**Input data:**
################
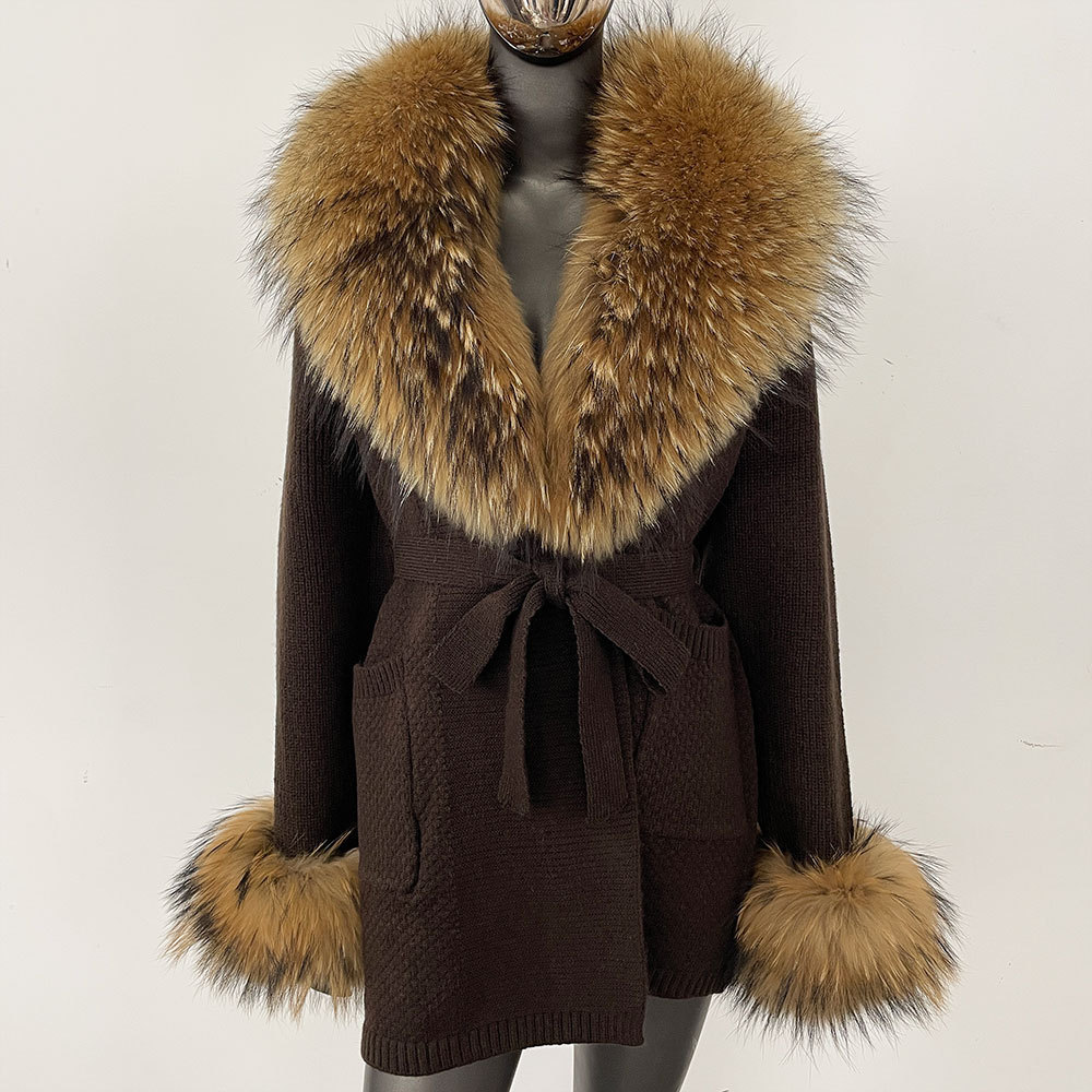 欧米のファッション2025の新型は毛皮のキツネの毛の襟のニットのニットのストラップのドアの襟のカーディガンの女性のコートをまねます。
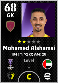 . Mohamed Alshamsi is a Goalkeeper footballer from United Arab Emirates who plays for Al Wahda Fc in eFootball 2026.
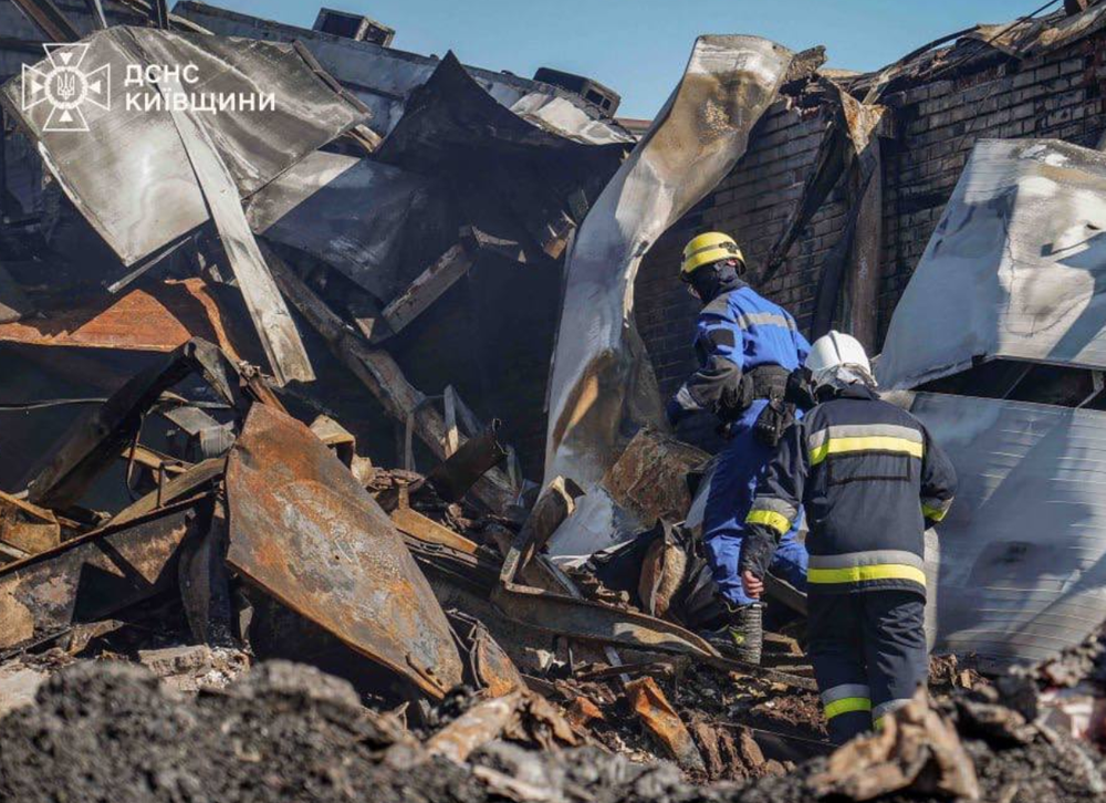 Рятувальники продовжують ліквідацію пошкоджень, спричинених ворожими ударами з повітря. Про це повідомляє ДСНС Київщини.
################
**How to complete this task:** Write out the data in full and exactly as given, though without the images.

**Answer box:**
 欧米のファッション2025の新型は毛皮のキツネの毛の襟のニットのニットのストラップのドアの襟のカーディガンの女性のコートをまねます。
 . Mohamed Alshamsi is a Goalkeeper footballer from United Arab Emirates who plays for Al Wahda Fc in eFootball 2026.
 Рятувальники продовжують ліквідацію пошкоджень, спричинених ворожими ударами з повітря. Про це повідомляє ДСНС Київщини.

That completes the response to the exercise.